TASK TO CARRY OUT - Please set down exactly the lines of the listing below from the line containing "2021年12月6日(月)〜" through the line containing "Stan se sastoji", both lines included, leaving out all other lines.

DATA EXCERPTS -
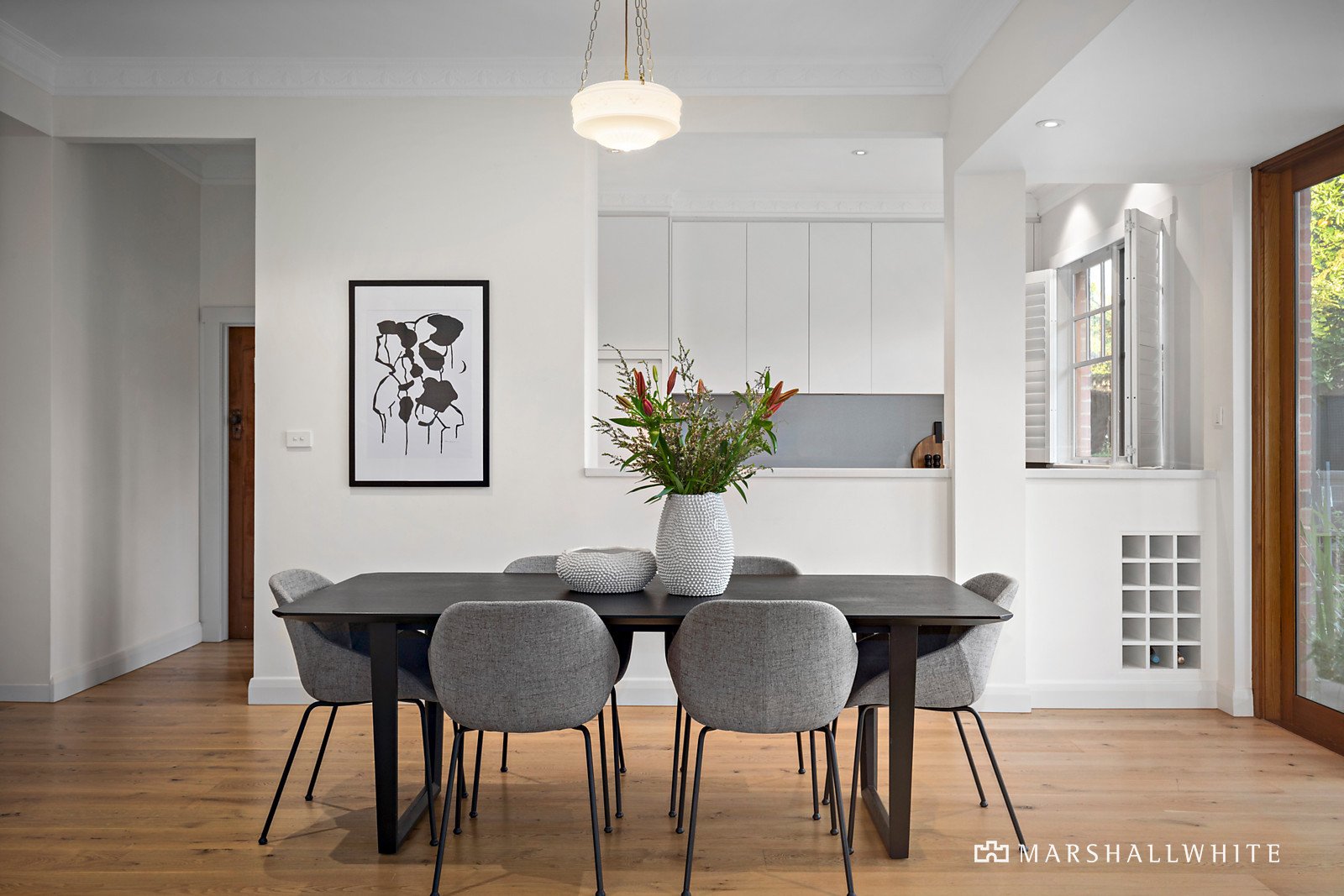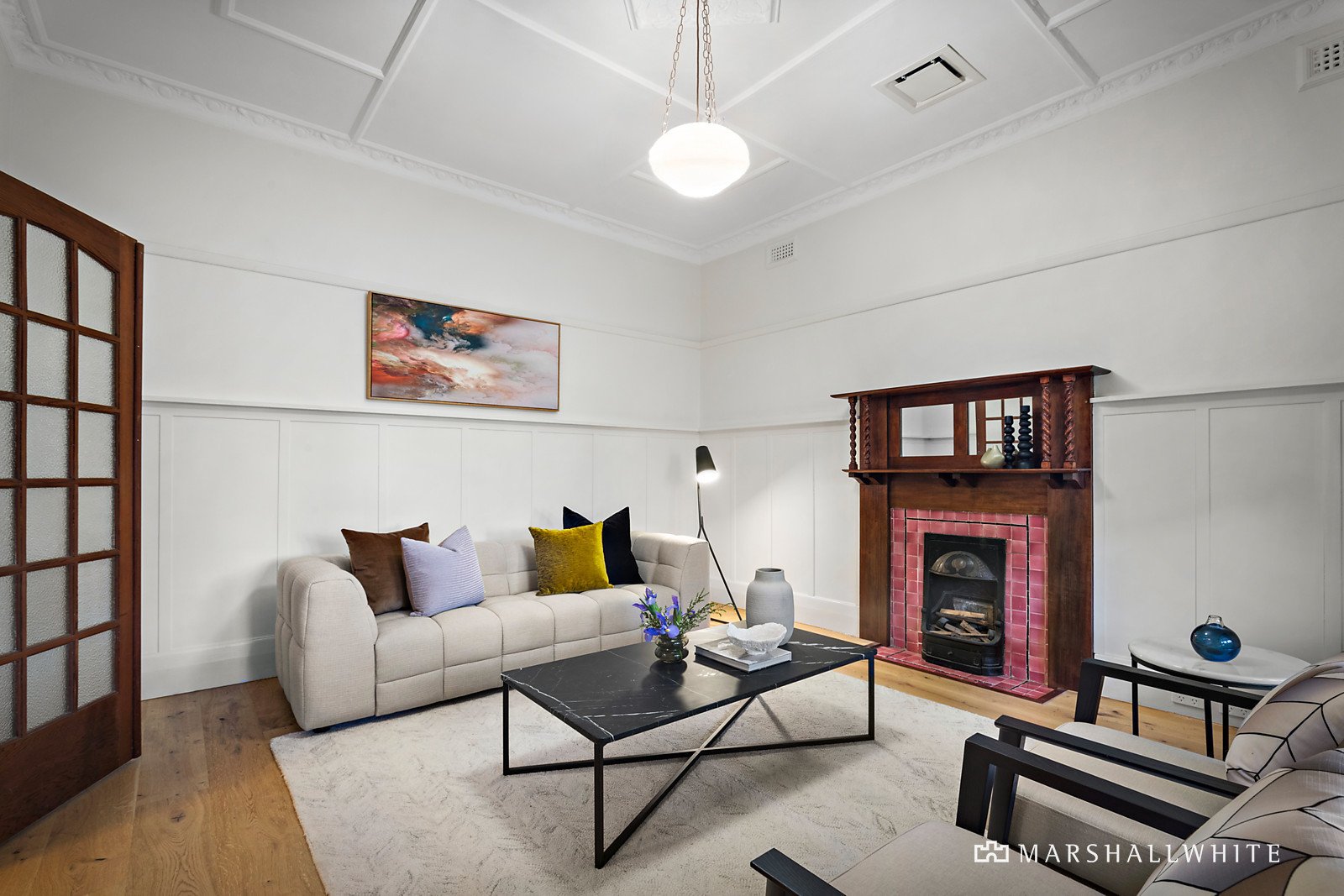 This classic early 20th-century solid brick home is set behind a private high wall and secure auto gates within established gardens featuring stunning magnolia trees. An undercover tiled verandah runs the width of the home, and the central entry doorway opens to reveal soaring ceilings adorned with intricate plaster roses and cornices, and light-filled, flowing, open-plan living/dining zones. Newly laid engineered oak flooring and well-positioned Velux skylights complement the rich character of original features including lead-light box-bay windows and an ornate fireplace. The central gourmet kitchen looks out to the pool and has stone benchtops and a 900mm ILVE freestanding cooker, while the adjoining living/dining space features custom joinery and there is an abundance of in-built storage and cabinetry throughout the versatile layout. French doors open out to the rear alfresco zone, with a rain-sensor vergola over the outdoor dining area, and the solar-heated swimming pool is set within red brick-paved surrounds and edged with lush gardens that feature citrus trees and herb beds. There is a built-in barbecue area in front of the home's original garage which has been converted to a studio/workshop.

...

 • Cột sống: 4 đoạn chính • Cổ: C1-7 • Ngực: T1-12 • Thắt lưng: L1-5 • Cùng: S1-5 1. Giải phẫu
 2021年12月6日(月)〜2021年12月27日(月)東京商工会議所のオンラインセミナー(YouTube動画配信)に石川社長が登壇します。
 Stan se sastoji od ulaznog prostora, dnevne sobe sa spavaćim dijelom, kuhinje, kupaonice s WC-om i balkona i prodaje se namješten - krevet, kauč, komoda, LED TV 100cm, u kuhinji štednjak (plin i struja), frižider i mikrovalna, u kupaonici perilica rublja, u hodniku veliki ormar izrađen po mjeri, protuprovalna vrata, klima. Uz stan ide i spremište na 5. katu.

RESULT BELOW -
 2021年12月6日(月)〜2021年12月27日(月)東京商工会議所のオンラインセミナー(YouTube動画配信)に石川社長が登壇します。
 Stan se sastoji od ulaznog prostora, dnevne sobe sa spavaćim dijelom, kuhinje, kupaonice s WC-om i balkona i prodaje se namješten - krevet, kauč, komoda, LED TV 100cm, u kuhinji štednjak (plin i struja), frižider i mikrovalna, u kupaonici perilica rublja, u hodniku veliki ormar izrađen po mjeri, protuprovalna vrata, klima. Uz stan ide i spremište na 5. katu.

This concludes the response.